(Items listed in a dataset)
════════════════════

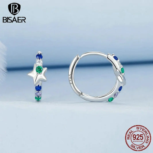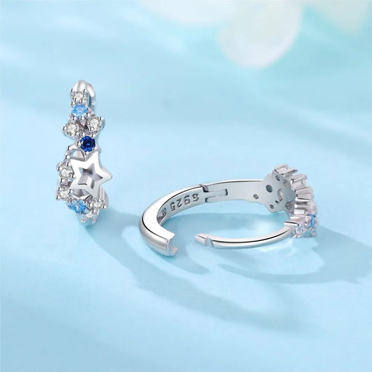 925 Sterling Silver Blue Star Hoop Earrings Women Party Gift
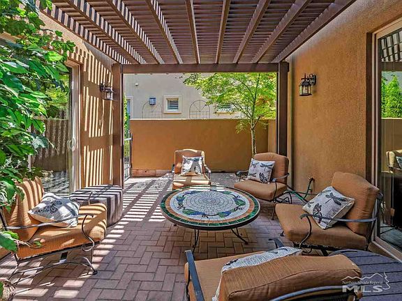Welcome to the sought after Mayberry Bungalows! This home is a rare find end unit with no attached walls! Low maintenance and move in ready with countless luxury upgrades including added windows for extra light, engineered hardwood floors, diamond laid oversized ceramic tile, crown molding throughout, cast fireplace with mantle, and professionally tinted windows for UV Protection and privacy! The Kitchen boasts high end Quartz Counter Tops with full Travertine Backsplash, and wired under cabinet lighting. Included in the sale are the upgraded stainless steel appliances, even the fridge which is less than 6 months old! This home also features an extended courtyard patio with private iron gate and lifetime metal pergola professionally engineered for Northern NV snow loads and installed with all proper permits and HOA permissions. Other notable upgrades include the travertine counters and extended backsplashes in all bathrooms, fully finished garage, pre-wiring done for sound and home theater system as well as security system. BONUS: Mounted TV and wired sound system in down stairs living room to stay and convey with home! Don't miss out on this hidden gem! Buyer and Buyer's Agent to Verify all Included in the sale are the upgraded stainless steel appliances, even the fridge which is less than 6 months old! This home also features an extended courtyard patio with private iron gate and lifetime metal pergola professionally engineered for Northern NV snow loads and installed with all proper permits and HOA permissions. Other notable upgrades include the Travertine counters and extended backsplashes in all bathrooms, fully finished garage, pre-wiring done for sound and home theater system as well as security system. BONUS: Mounted TV and wired sound system in down stairs living room to stay and convey with home! Don't miss out on this hidden gem! Buyer and Buyer's Agent to Verify all
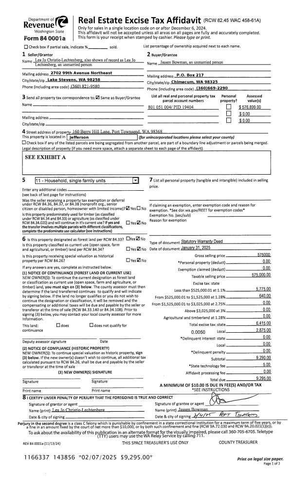 | Mailing Address: | 3110 MCCLELLAN ST PORT TOWNSEND, WA 98368-4832 | % Ownership: | 100.0000000000% |
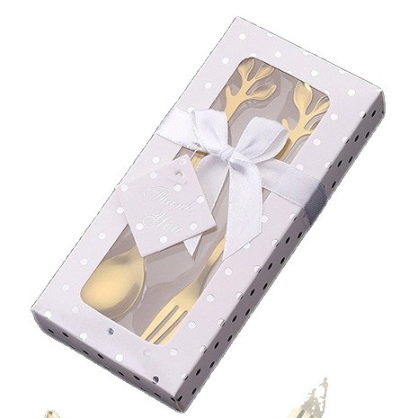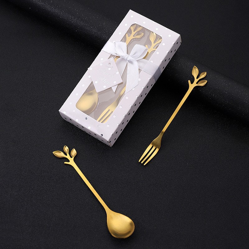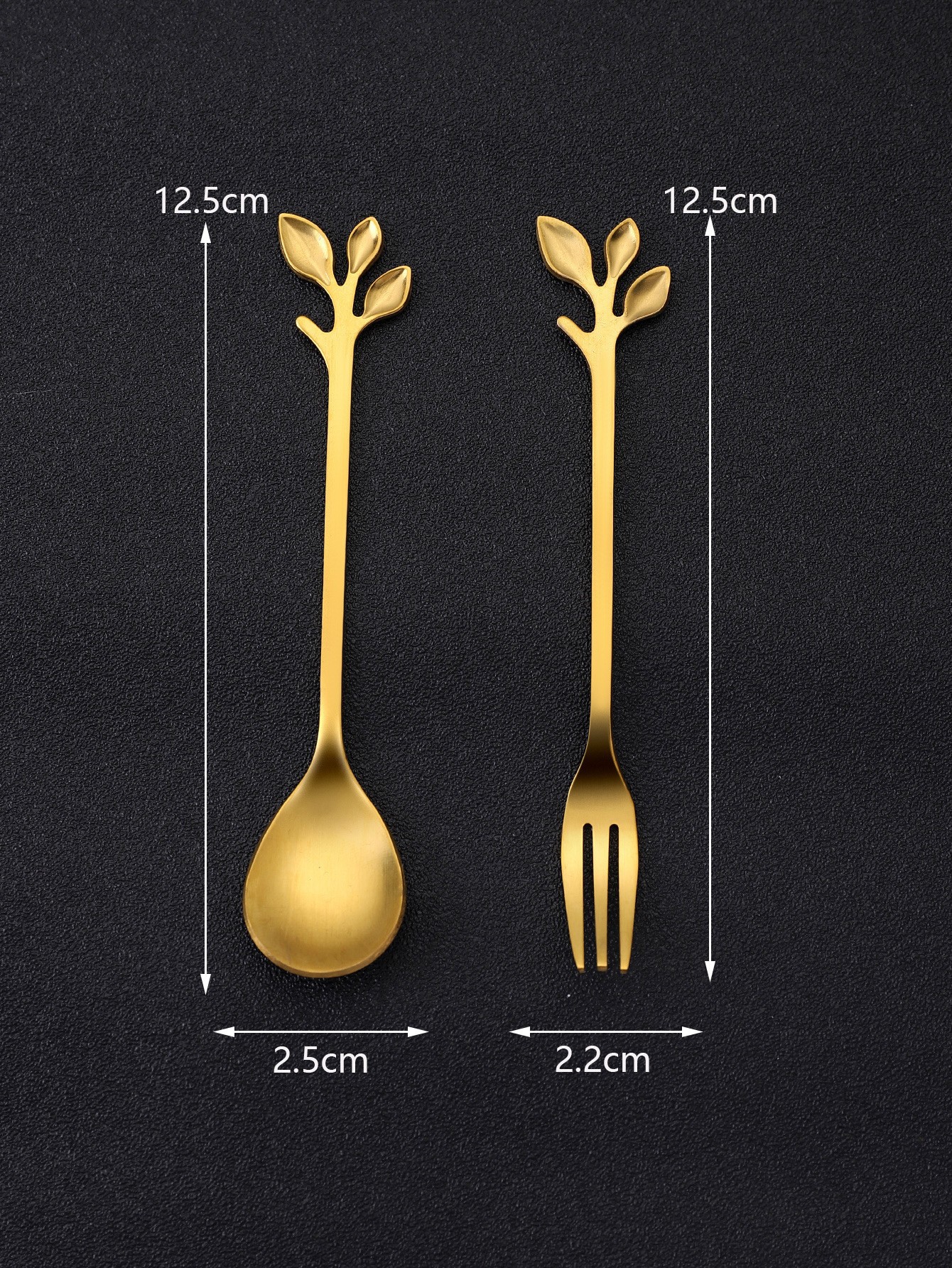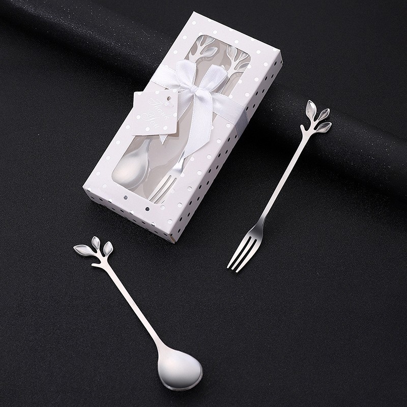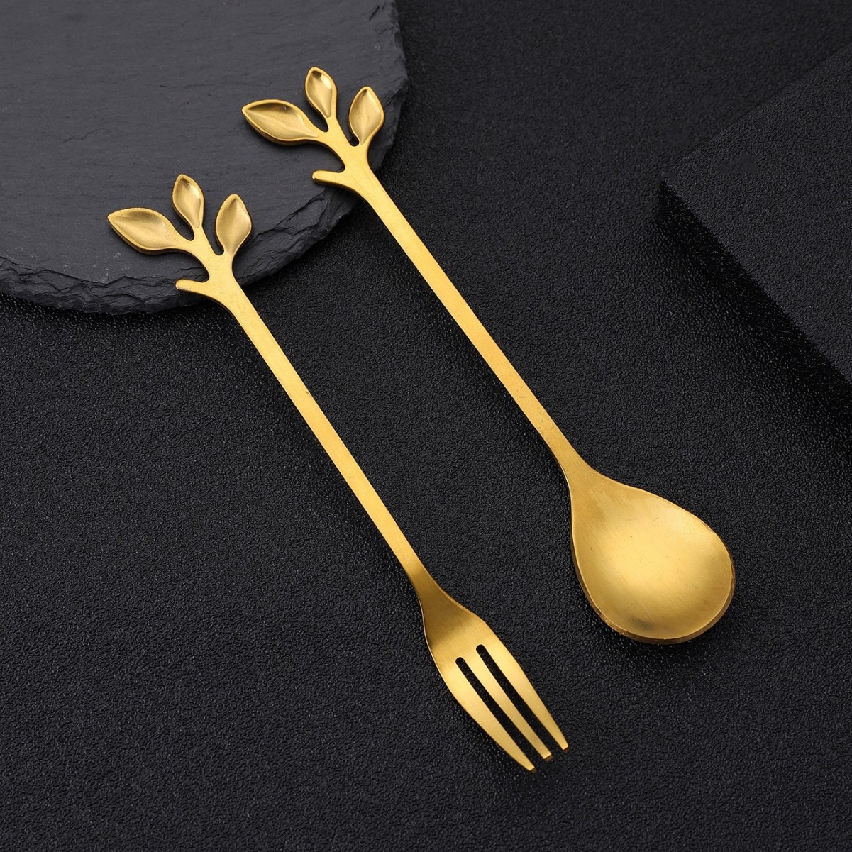 亚马逊热销树叶勺叉不锈钢家用水果叉咖啡搅拌甜品勺婚庆节日礼品
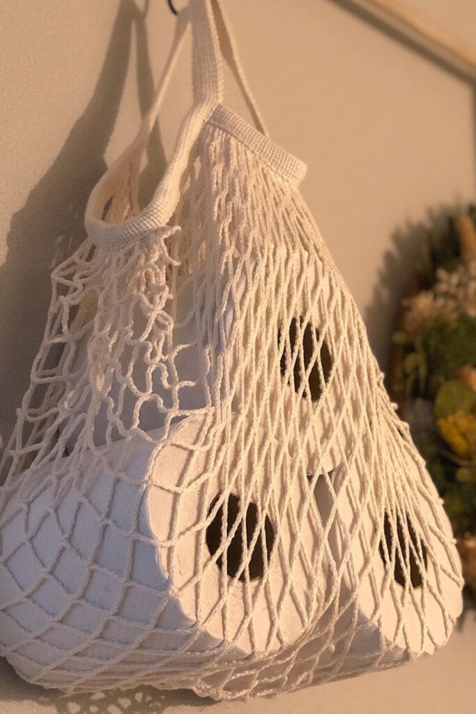 It’s easy to copy this idea: any strong hook and a reusable grocery-style mesh bag may quickly turn into useful bathroom storage.
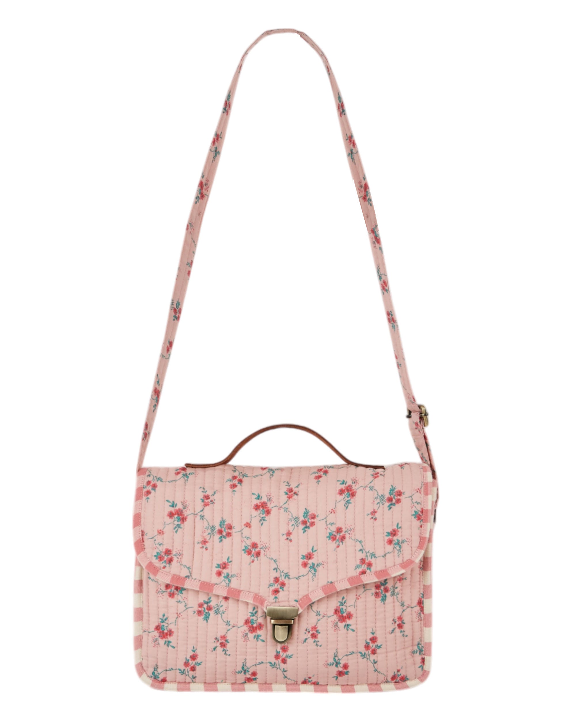 Elevate your outfit with this charming Floral Quilted Bag in playful pink. Crafted from quilted cotton adorned with delicate floral bouquets set against a soft pink background, it radiates cheerful elegance. The bag features a flap closure secured by a shiny metal buckle, keeping your essentials safe while adding a touch of vintage charm. An adjustable shoulder strap ensures a comfortable fit for every adventure, and the riveted leather handle offers an alternative carrying option with rustic flair. Inside, a pink and off-white gingham cotton lining adds a whimsical surprise to your everyday style. Perfectly sized at 28 x 18.5 x 6.5 cm, this bag easily holds your must-haves while brightening up your day.
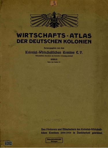 Keywords: Wirtschafts-Atlas der deutschen Kolonien - 01.jpg Wirtschafts-Atlas der deutschen Kolonien - jpg 02 Wirtschaftsatlas der Deutschen Kolonien Wirtschafts-Atlas der deutschen Kolonien Kolonialwirtschaftliches Komitee Hrsg Berlin 1906 Lithographie und Druck durch D Reimer E Vöhsen AG Berlin<br/>Online Göttinger Digitalisierungszentrum http //resolver sub uni-goettingen de/purl PPN574238239 PPN574238239 1906 Edited by Paul Sprigade 1863-1928 Max Moisel 1869-1920 PD-old Wirtschafts-Atlas der deutschen Kolonien 1906 book covers |
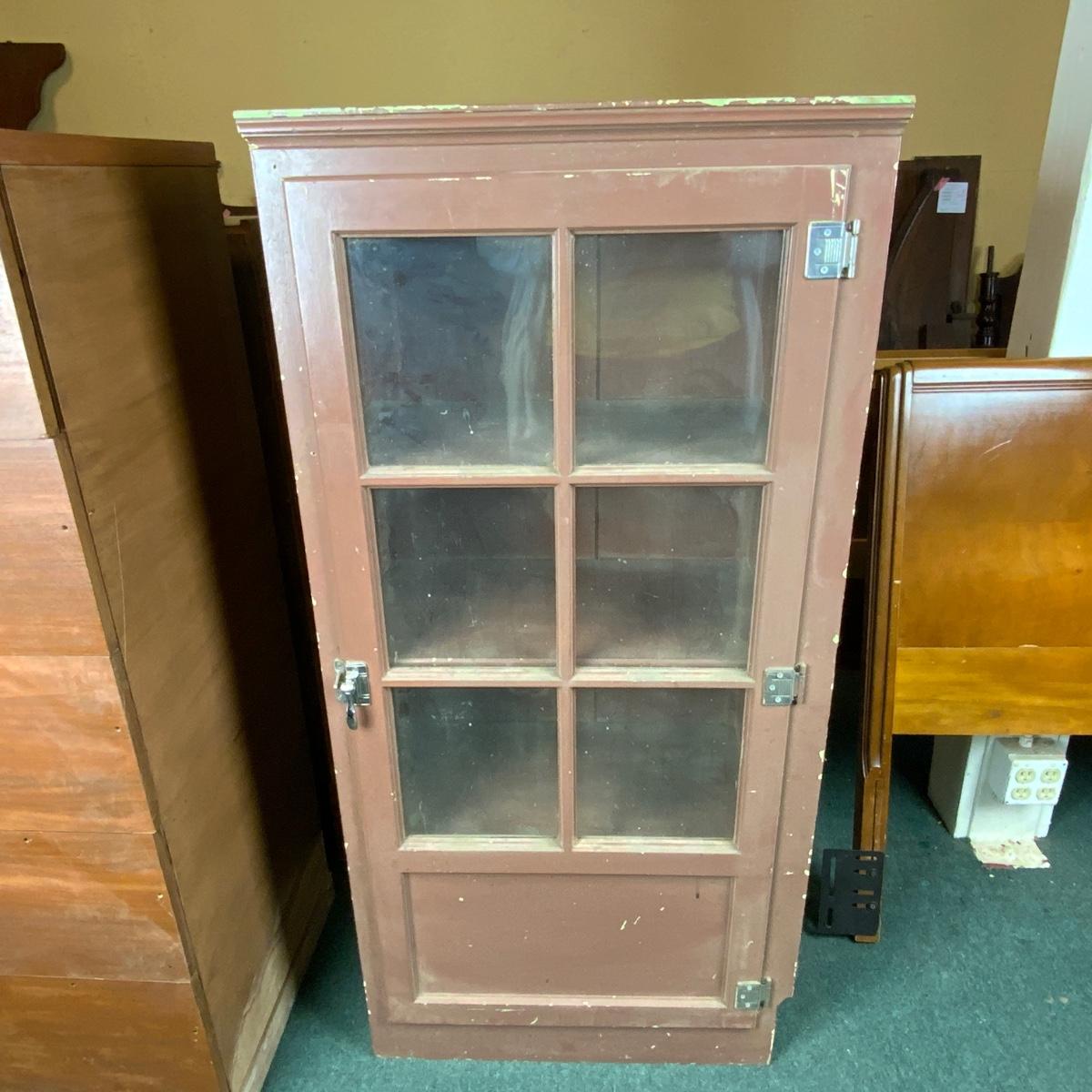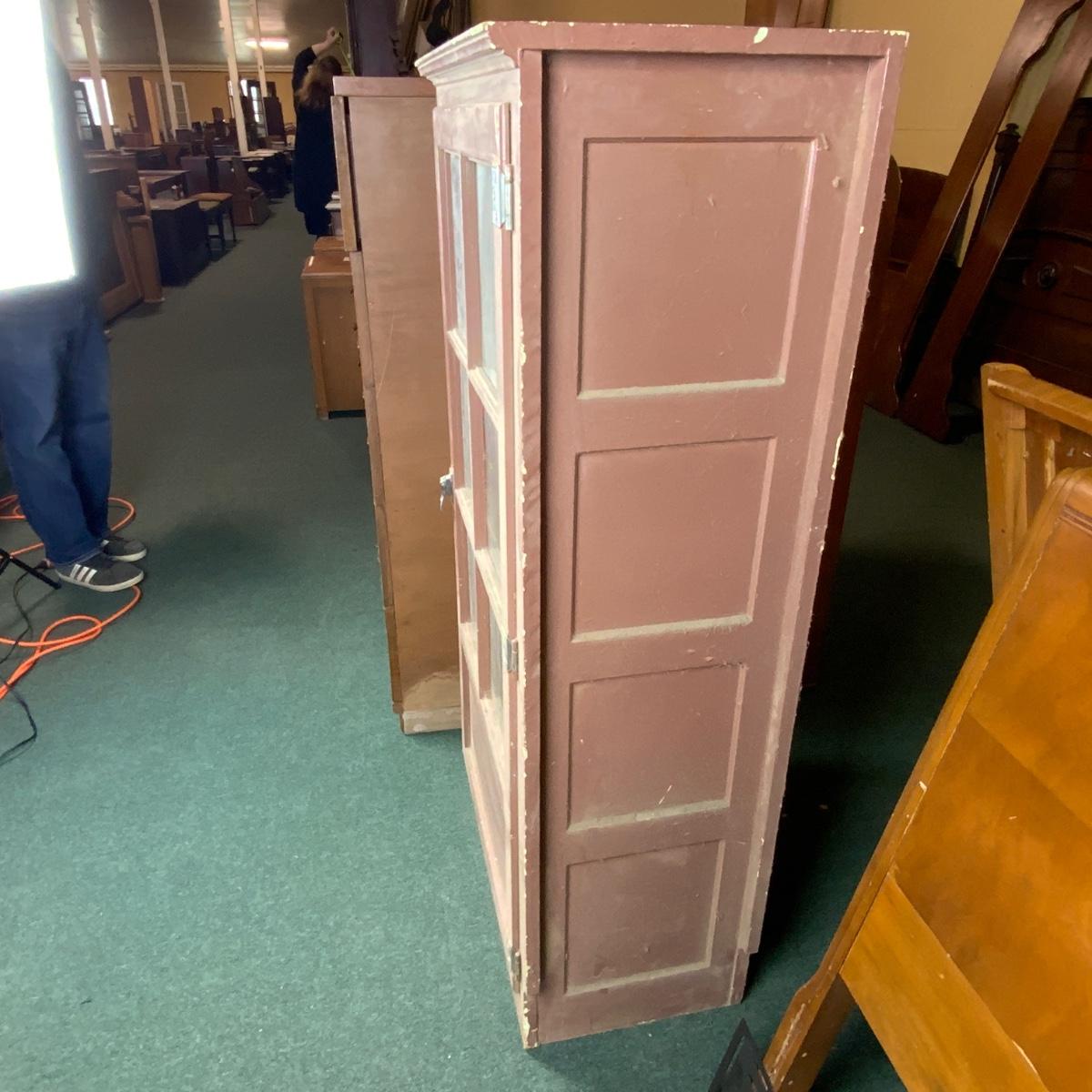 Small Chippy Paint Cabinet. Obviously loved over the years. Multiple layers of paint can be seen on the back panel. This piece will look great any color you want! //::\\ Please see photos for details and condition. No attempt has been made to hide any imperfections. All items listed in this auction are warehouse items, and need to be cleaned. A majority of the items need restoration as well. All items are sold AS IS and WITHOUT GUARANTEE. If you are uncertain about an item, DO NOT BID. Due to the nature of this online auction in-person inspection is HIGHLY recommended. All Sales are FINAL. Pick Up Times are FIRM. Please confirm with your own schedule that you can pick up in the scheduled times listed in the Terms and Conditions. Any questions please message the auctioneer. DO NOT Contact The Harp Gallery.

════════════════════

## TASK DIRECTIONS
Among the entries above, take the lines from the one with "Ownership: | 100.0000000000% |" through the one with "Keywords: Wirtschafts-Atlas der" and retype them exactly, leaving out the pictures.

## OUTPUT FOR THIS EXERCISE
 | Mailing Address: | 3110 MCCLELLAN ST PORT TOWNSEND, WA 98368-4832 | % Ownership: | 100.0000000000% |
 亚马逊热销树叶勺叉不锈钢家用水果叉咖啡搅拌甜品勺婚庆节日礼品
 It’s easy to copy this idea: any strong hook and a reusable grocery-style mesh bag may quickly turn into useful bathroom storage.
 Elevate your outfit with this charming Floral Quilted Bag in playful pink. Crafted from quilted cotton adorned with delicate floral bouquets set against a soft pink background, it radiates cheerful elegance. The bag features a flap closure secured by a shiny metal buckle, keeping your essentials safe while adding a touch of vintage charm. An adjustable shoulder strap ensures a comfortable fit for every adventure, and the riveted leather handle offers an alternative carrying option with rustic flair. Inside, a pink and off-white gingham cotton lining adds a whimsical surprise to your everyday style. Perfectly sized at 28 x 18.5 x 6.5 cm, this bag easily holds your must-haves while brightening up your day.
 Keywords: Wirtschafts-Atlas der deutschen Kolonien - 01.jpg Wirtschafts-Atlas der deutschen Kolonien - jpg 02 Wirtschaftsatlas der Deutschen Kolonien Wirtschafts-Atlas der deutschen Kolonien Kolonialwirtschaftliches Komitee Hrsg Berlin 1906 Lithographie und Druck durch D Reimer E Vöhsen AG Berlin<br/>Online Göttinger Digitalisierungszentrum http //resolver sub uni-goettingen de/purl PPN574238239 PPN574238239 1906 Edited by Paul Sprigade 1863-1928 Max Moisel 1869-1920 PD-old Wirtschafts-Atlas der deutschen Kolonien 1906 book covers |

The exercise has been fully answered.